13. As against the last submission advanced by the learned counsel for the appellant on the basis of the provisions of the Code of Civil Procedure, learned counsel for the respondent - assessee has placed reliance on clause (a) of sub-section (6) of Section 260-A of the 1961 Act. According to the learned counsel, the aforesaid provision authorizes this Court to determine any issue, including an issue which "has not been determined by the Appellate Tribunal". It is, therefore, the vehement contention of the learned counsel for the respondent - assessee, that the preliminary objection raised by the respondent - assessee based on Section 268-A of the 1961 Act, is very much maintainable, and that, the same cannot be shut out by the appellant - revenue. In this behalf, learned counsel for the respondent - assessee has raised two further pleas, namely, that Section 268-A of the 1961 Act was not available on the statute book when the appeal was decided by the Income Tax Appellate Tribunal, and that, the instant preliminary objection constitutes a pure question of law which can be raised at any time.

14. Having given our thoughtful consideration to the issue advanced by the learned counsel for the rival parties, as has been noticed in the foregoing paragraph, we are satisfied that the maintainability of the appeal filed by the Revenue before the Income Tax Appellate Tribunal, was an issue entirely different from the maintainability of the appeal at the hands of the Revenue before this Court.

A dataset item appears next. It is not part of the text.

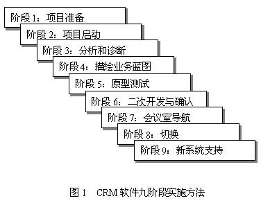 CRM軟件產(chǎn)品本質(zhì)上是面向企業(yè)前臺應(yīng)用的管理信息系統(tǒng)。其本身就蘊(yùn)含了CRM的管理思想和先進(jìn)的信息技術(shù)。與ERP系統(tǒng)的實(shí)施類似,CRM軟件系統(tǒng)的實(shí)施過程遵循了項目管理的科學(xué)方法。
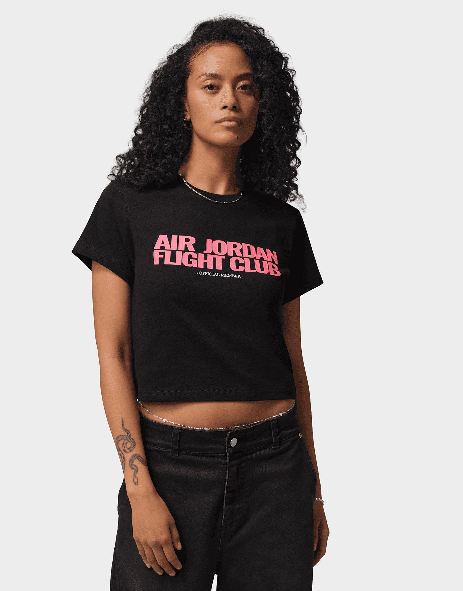 Make a statement with this women's Jordan Cropped AJ Flight Club Graphic T-Shirt. Designed with a standard fit and crop length, it features Flight Club graphics in black with red accents. The cropped silhouette pairs perfectly with high-waisted bottoms for on-trend athletic looks. Built with Jordan quality and bold basketball-inspired branding, this tee brings iconic style to modern streetwear. Style Code: IF3572-010

Separate and distinct parameters are laid in the instructions for filing appeals before the Income Tax Appellate ITA No. 171 of 2002 20 Tribunal, as against the ones prescribed, for approaching this Court in appeal under Section 260-A of the 1961 Act. As such, we are of the view that it makes no difference whatsoever to the issue canvassed at the hands of the respondent - assessee before this Court, whether or not, such an objection was raised when the Revenue preferred an appeal before the Income Tax Appellate Tribunal. We are also of the view, that the submissions advanced by the learned counsel for the respondent - assessee, as have been noticed in the foregoing paragraph, also deserve to be accepted. As such, we hereby endorse both the submissions advanced at the hands of the learned counsel for the respondent - assessee, as have been noticed hereinabove. Accordingly, we find no merit in the plea raised by the learned counsel for the appellant - revenue under Section 260-A(7) of the 1961 Act, read with Order II Rule 2 of the Code of Civil Procedure.

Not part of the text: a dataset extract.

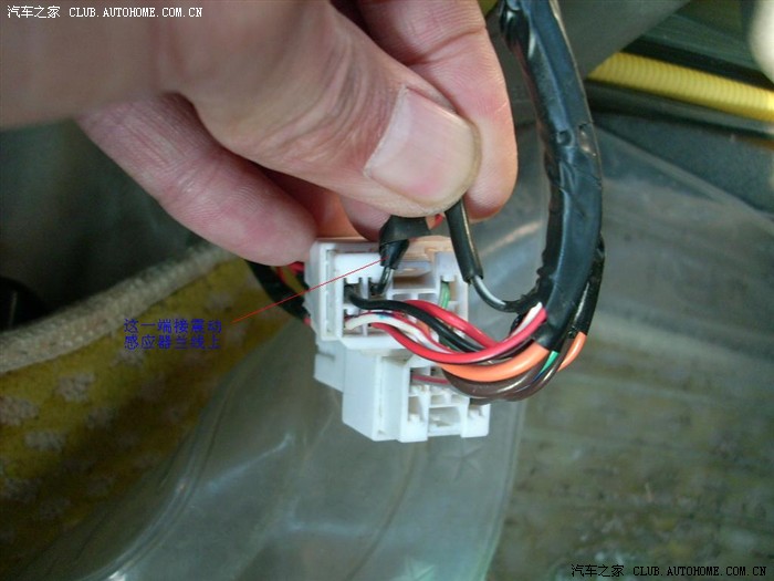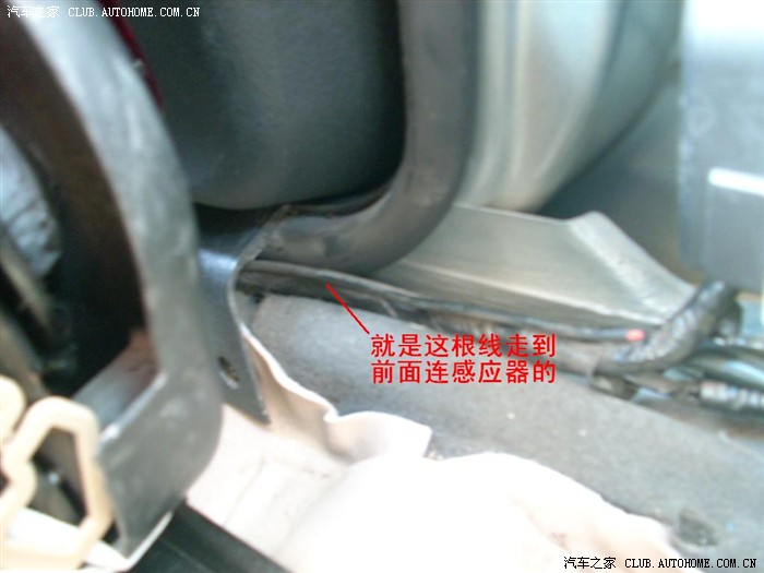 感应器的线从门下扣板走到副驾驶前手套箱下,注意,感应器一定要用双面胶要粘到车架上,这样反应才灵敏,它主要是靠车身震动来触发信号的。

15. Learned counsel for the rival parties have cited before us judgements rendered by High Courts, as also, by the Supreme Court to determine the issue of maintainability of the instant appeal. However, none of the judgements relied upon by the learned counsel for the rival parties (which will be dealt with in a later part of this order) can be considered as an exposition on Section 268-A of the 1961 Act, or the effect thereof. It is, therefore, that we are satisfied that the instant question posed by the learned counsel for the respondent - assessee cannot be disposed of merely on the basis of the judgements relied upon by the learned counsel for the rival parties. Despite the aforesaid factual/legal position, we shall deal with the judgements relied upon by the learned counsel for the rival parties, and determine the effect thereof, so as to be able to analyse the direction of the march of judicial opinion on the issue in hand.

ITA No. 171 of 2002 21

16. Learned counsel for the appellant invited this Court's attention, first of all, to the decision rendered by the Rajasthan High Court in Commissioner of Income Tax Vs. Rajasthan Patrika Ltd. (2002)258 ITR

300. From the aforesaid judgement, learned counsel for the appellant invited the pointed attention of this Court to the following observations on the issue in hand: -

"Mr. Ranka further submits that in any case the tax effect is meagre, i.e., Rs. 30,000, therefore, the appeal is not maintainable. There is a circular of the Board that when the tax effect is not more than Rs. 50,000, no appeal should be filed. He also brought to our notice a latest decision of the apex court in the case of Tamil Nadu Industrial Investment Corporation Ltd. v. CIT (1999) 237 ITR 889, wherein their Lordships have taken the view that in fact the circular clarifies the way in which these amounts are to be treated under the accounting practice followed by the lender. The circular, therefore, cannot be treated as contrary to section 145 of the Income-tax Act or illegal in any form. It is meant for a uniform administration of law by all the income-tax authorities in a specific situation and is, therefore, validly issued under section 119 of the Income-tax Act. As such the circular would be binding on the Department. Mr. Mathur, learned counsel for the Revenue, also brought to our notice the decision of the apex court in the case of CIT v. Hero Cycles P. Ltd. (1997) 228 ITR 463, wherein their Lordships have taken the view that the circulars can bind the Income-tax Officer but will not bind the appellate authority or the Tribunal or the court or even the assessee. It is true that in the case of the Supreme Court, which has been referred to by Mr. Ranka, learned counsel for the assessee, their Lordships held that a circular has binding effect, but the issue before the Supreme Court relates to the circular, which interprets the statute for the uniformity of the decisions in the ITA No. 171 of 2002 22 Department. But the circular before us is as to whether the appeal is to be filed or not ? These are administratives instructions and in spite of these administrative instructions if the department prefers to file an appeal or make a reference to this court, in our view on such administrative instructions the appeal of the Department should not be dismissed or the reference should not be rejected. We do not find any infirmity in disposing of the appeal on the merits."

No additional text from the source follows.